Segment Start: Given information

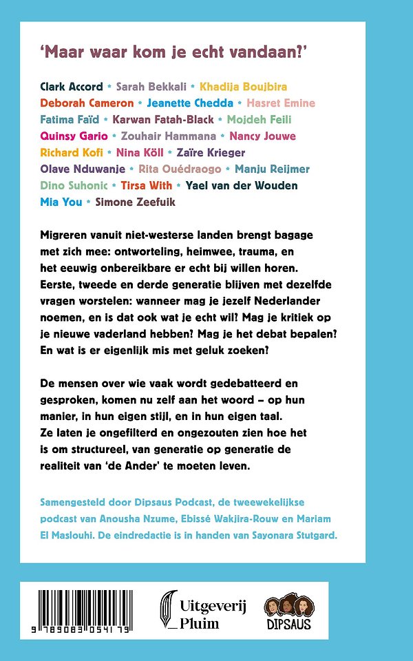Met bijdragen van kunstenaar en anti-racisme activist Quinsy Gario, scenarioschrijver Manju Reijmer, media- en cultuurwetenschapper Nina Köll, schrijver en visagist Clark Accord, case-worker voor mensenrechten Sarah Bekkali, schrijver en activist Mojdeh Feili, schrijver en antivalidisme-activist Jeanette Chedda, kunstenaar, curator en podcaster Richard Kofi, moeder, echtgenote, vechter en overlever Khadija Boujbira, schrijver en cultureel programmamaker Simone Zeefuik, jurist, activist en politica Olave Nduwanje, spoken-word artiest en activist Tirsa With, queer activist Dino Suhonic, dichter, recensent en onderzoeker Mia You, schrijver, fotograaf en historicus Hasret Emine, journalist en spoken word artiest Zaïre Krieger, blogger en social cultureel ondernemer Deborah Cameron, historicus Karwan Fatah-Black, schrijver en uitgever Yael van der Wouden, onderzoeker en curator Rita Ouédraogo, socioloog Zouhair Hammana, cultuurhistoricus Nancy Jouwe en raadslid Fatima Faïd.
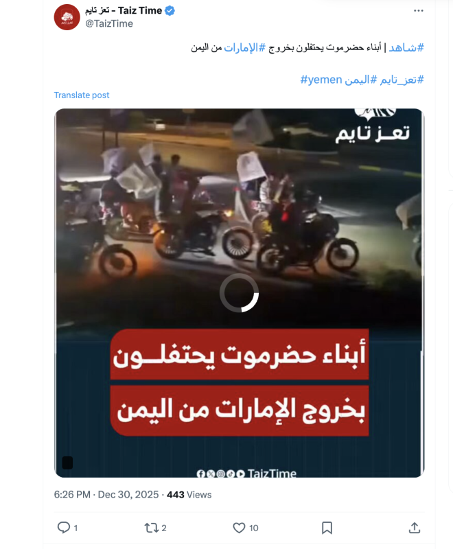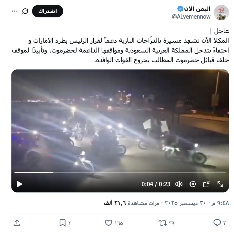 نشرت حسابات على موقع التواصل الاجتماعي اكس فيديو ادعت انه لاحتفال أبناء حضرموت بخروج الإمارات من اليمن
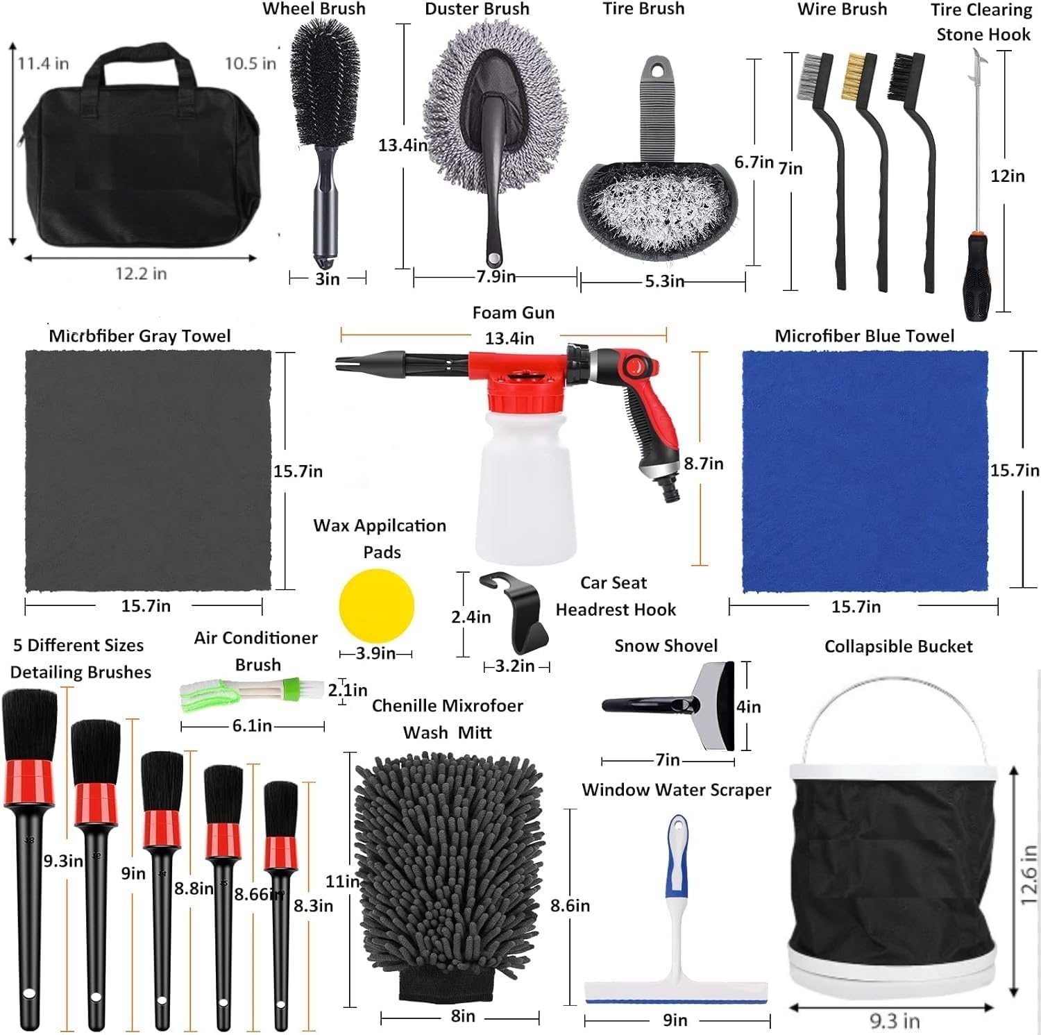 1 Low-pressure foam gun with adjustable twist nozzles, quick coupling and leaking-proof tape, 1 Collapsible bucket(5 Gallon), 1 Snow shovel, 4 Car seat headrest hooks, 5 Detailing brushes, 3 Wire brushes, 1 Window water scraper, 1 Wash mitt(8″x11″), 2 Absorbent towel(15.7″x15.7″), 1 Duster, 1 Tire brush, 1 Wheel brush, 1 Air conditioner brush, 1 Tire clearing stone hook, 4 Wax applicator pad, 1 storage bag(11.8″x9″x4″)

Segment End: Given information

(Work task)
Print the listing verbatim; no pictures.

(Reply)
Met bijdragen van kunstenaar en anti-racisme activist Quinsy Gario, scenarioschrijver Manju Reijmer, media- en cultuurwetenschapper Nina Köll, schrijver en visagist Clark Accord, case-worker voor mensenrechten Sarah Bekkali, schrijver en activist Mojdeh Feili, schrijver en antivalidisme-activist Jeanette Chedda, kunstenaar, curator en podcaster Richard Kofi, moeder, echtgenote, vechter en overlever Khadija Boujbira, schrijver en cultureel programmamaker Simone Zeefuik, jurist, activist en politica Olave Nduwanje, spoken-word artiest en activist Tirsa With, queer activist Dino Suhonic, dichter, recensent en onderzoeker Mia You, schrijver, fotograaf en historicus Hasret Emine, journalist en spoken word artiest Zaïre Krieger, blogger en social cultureel ondernemer Deborah Cameron, historicus Karwan Fatah-Black, schrijver en uitgever Yael van der Wouden, onderzoeker en curator Rita Ouédraogo, socioloog Zouhair Hammana, cultuurhistoricus Nancy Jouwe en raadslid Fatima Faïd.
 نشرت حسابات على موقع التواصل الاجتماعي اكس فيديو ادعت انه لاحتفال أبناء حضرموت بخروج الإمارات من اليمن
 1 Low-pressure foam gun with adjustable twist nozzles, quick coupling and leaking-proof tape, 1 Collapsible bucket(5 Gallon), 1 Snow shovel, 4 Car seat headrest hooks, 5 Detailing brushes, 3 Wire brushes, 1 Window water scraper, 1 Wash mitt(8″x11″), 2 Absorbent towel(15.7″x15.7″), 1 Duster, 1 Tire brush, 1 Wheel brush, 1 Air conditioner brush, 1 Tire clearing stone hook, 4 Wax applicator pad, 1 storage bag(11.8″x9″x4″)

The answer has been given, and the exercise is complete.